It wasn’t until late in my second semester when I finally felt confident in myself and started believing that I belonged. I turned in a story and read with a recently hired assistant sports editor who was positive and supportive. I had goals of becoming the sports editor, but until then, they seemed ridiculous.
But my editor inspired me and believed in me. He was the first of many amazing people I met at the DTH who made me feel confident in my own abilities.
That summer I spent my time reading and writing, steadily improving my craft. Our sports editor for the next year was great, and he’s now one of my closest friends at UNC.
Coming into the year, though, I didn’t know him. Yet I still decided to send him a text letting him know how serious I was in improving my standing at the paper. He listened to me and I felt encouraged by his response.
During the fall semester I worked and worked, picking up every assignment that I could. Covering men’s soccer in the NCAA Tournament? Sign me up. Going to a volleyball game on a Friday night? I can do that.
Something else happened in that first semester. I consistently looked forward to coming into the office and chatting with my three editors. I opened up more and felt more confident as a reporter. When one of the great assistants, James Tatter, announced he would be studying abroad for the semester, I didn’t hesitate to apply for the position.
A year earlier, I would never have applied for the job. But the people around me believed in me when I didn’t believe in myself and consequently my own confidence grew.
I got the job as an assistant sports editor and I remember I felt distinctly proud of myself. To that point it was a somewhat unfamiliar feeling. But that feeling of pride made me crave more. I had to be the sports editor my senior year.
I could tell you more about how I continued grinding and picking up assignments before eventually getting the sports editor job. I remember exactly where I was, walking down Franklin Street with my roommates on a Saturday night to go to bars when I checked my inbox and saw I had been named editor. It was an incredible feeling that I got to share with my friends.
But again, that story is boring. I would rather write about something else.
Around the time I became an assistant, my mom was battling breast cancer. It was a terrifying experience and it pained me to watch her suffer. Getting out of bed in the morning proved challenging every day, but I had to because she was the one fighting the real battle and she did it so valiantly. My friends at the DTH helped me more than they will ever know.
Whether it was shooting at the foam basketball hoop late at night with Jack Frederick or playing Sporcle NBA quizzes such as naming every European-born player in the NBA and identifying each All-Star with Chapel Fowler, or engaging in rap battles with Alex Zietlow, the office was my escape.
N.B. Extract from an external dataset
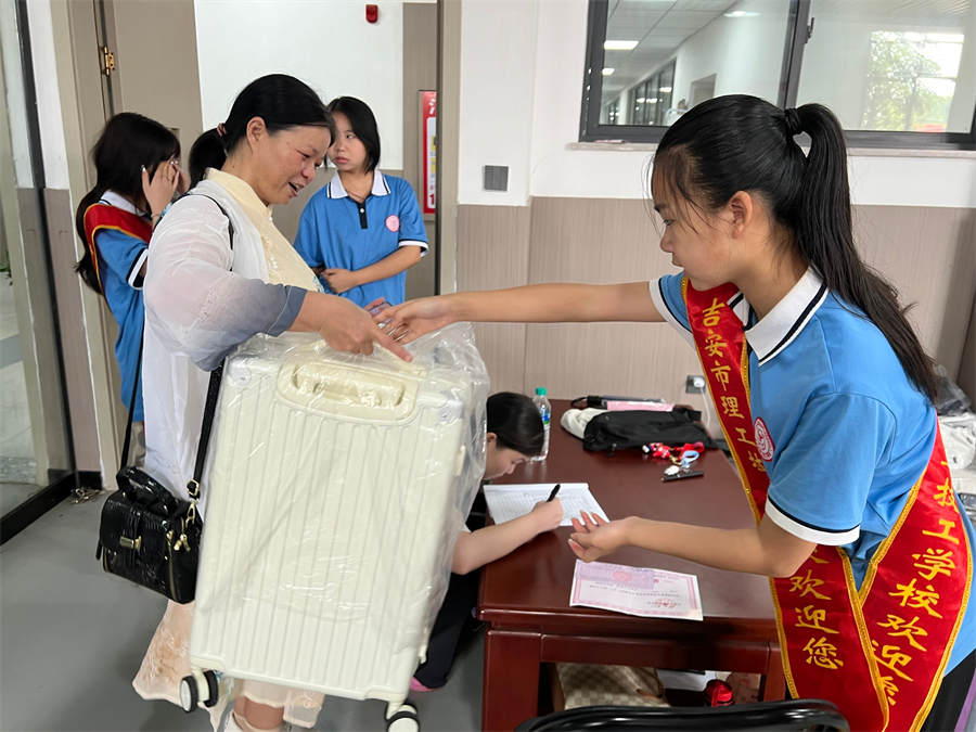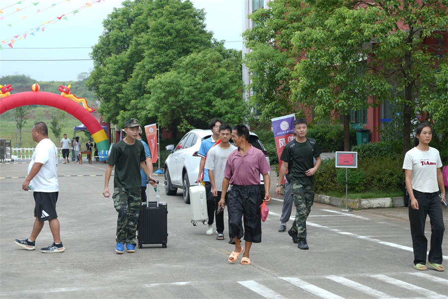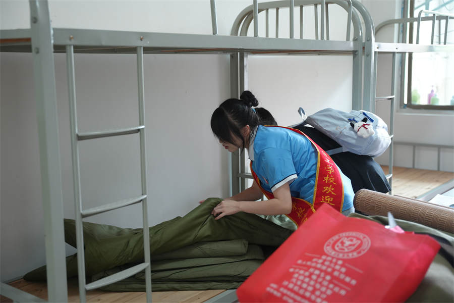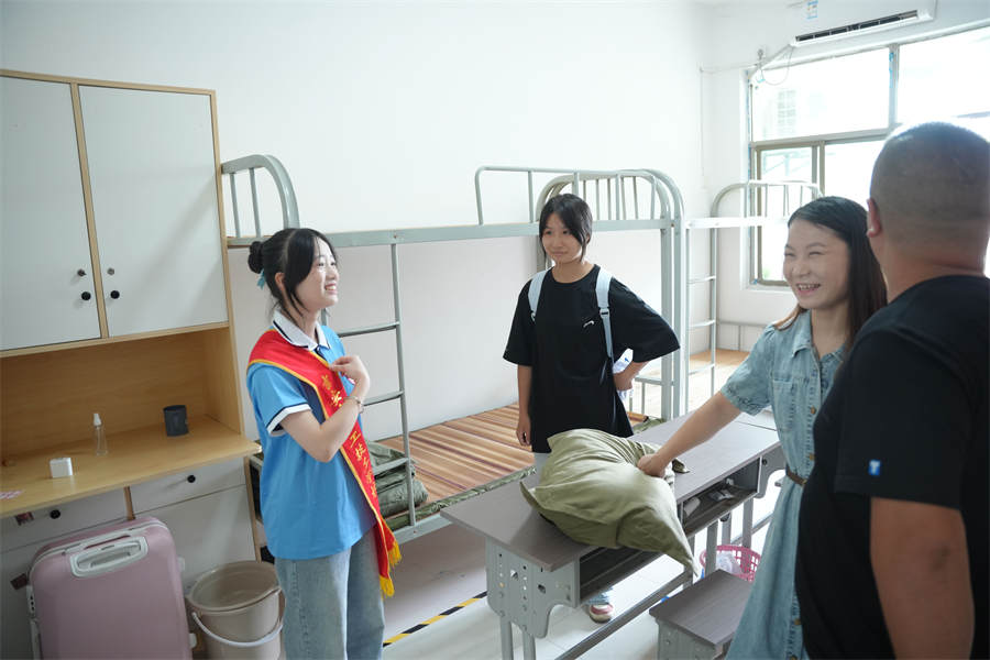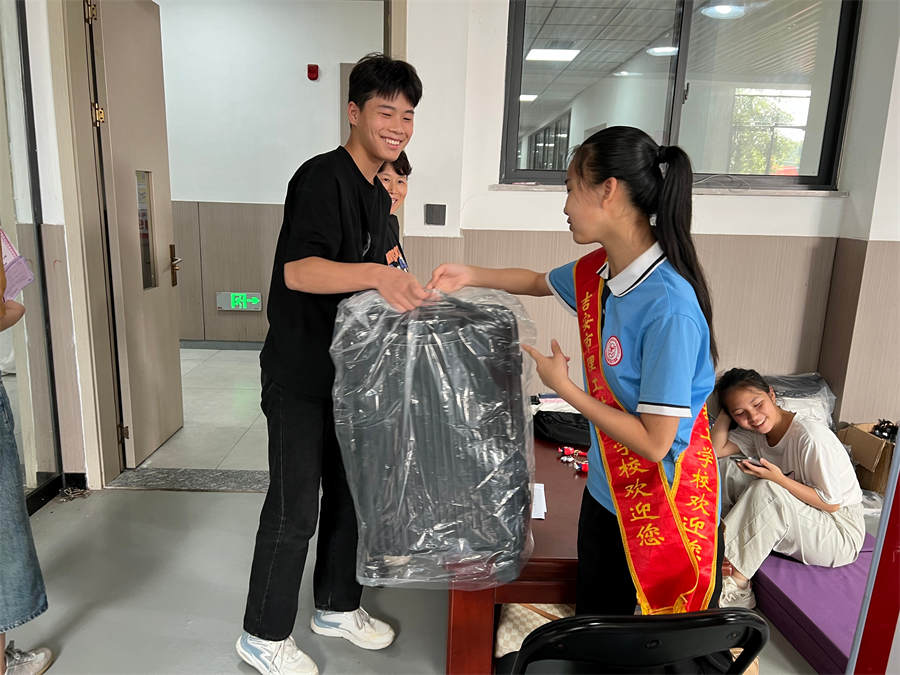 校園里,學(xué)生、老師、志愿者忙碌在各個環(huán)節(jié),協(xié)助新同學(xué)搬運行李、辦理手續(xù)等,幫助新生迅速熟悉學(xué)校,志愿者熱情帶領(lǐng)學(xué)生從進校門到安排好寢室,并幫忙整理床鋪打掃衛(wèi)生,服務(wù)體貼入微。
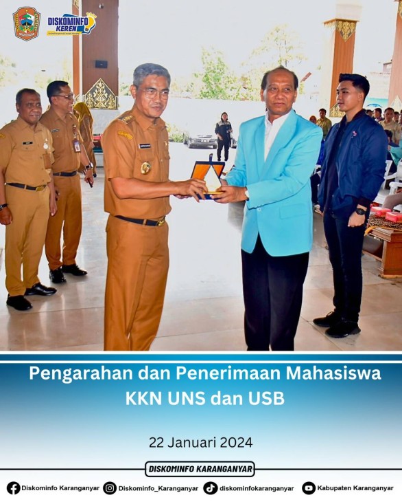 KARANGANYAR– Bertempat di Pendopo Rumah Dinas Bupati Karanganyar Senin (22/01/24), Penjabat (Pj) Bupati Karanganyar kembali menerima mahasiswa dari Universitas Sebelas Maret Surakarta (UNS) dan Universitas Setia Budi Surakarta (USB) yang akan melaksanakan praktek Kuliah Kerja Nyata (KKN) di Kabupaten Karanganyar.

I met some amazing people whom I hope to know for the rest of my life.
That is the great thing about working for the DTH. Yes, covering the UNC-Duke game at Cameron Indoor Stadium as an editor this year was an experience I will never forget. But it’s not what I will remember the most from my time at the paper.
What I will remember are the people who made me believe in myself. It is the people around me who are so incredibly talented and choose to spend their time working 40 or more hours a week to put out important content every day.
I will remember letting off steam on Thursday nights by walking to Pizza Press with my assistants Jack, Holt McKeithan and Ryan Wilcox and going to Sup Dogs for Sup Crushes more than I will remember covering UNC vs Wofford.
I will remember arts editor Molly Looman and Alex checking in to make sure my mom was okay after she came out victorious in her battle with breast cancer.
I will remember looking forward to playing board games on a Thursday night with fellow editors Taylor Buck, Maeve Sheehey, Myah Ward and Kate Karstens.
I will remember joking around on Sunday nights with our management staff, Bailey Aldridge, Sarah Lundgren and Rachel Jones.
I will remember all of that and I will remember the fact that the DTH made me proud of myself. It made me feel valid as a student and a reporter, and it gave me a place where I belonged, surrounded by so many people whose careers I will be following for years.
Wrapping up this column is proving more difficult than I thought it would be. It’s creating a knot in my stomach, and I can’t help but think of how hard it will be to walk away from all these amazing people I feel like I’ve just met.
But I know this: I’m a better person because of the DTH and the people I met, and I will always be thankful for that.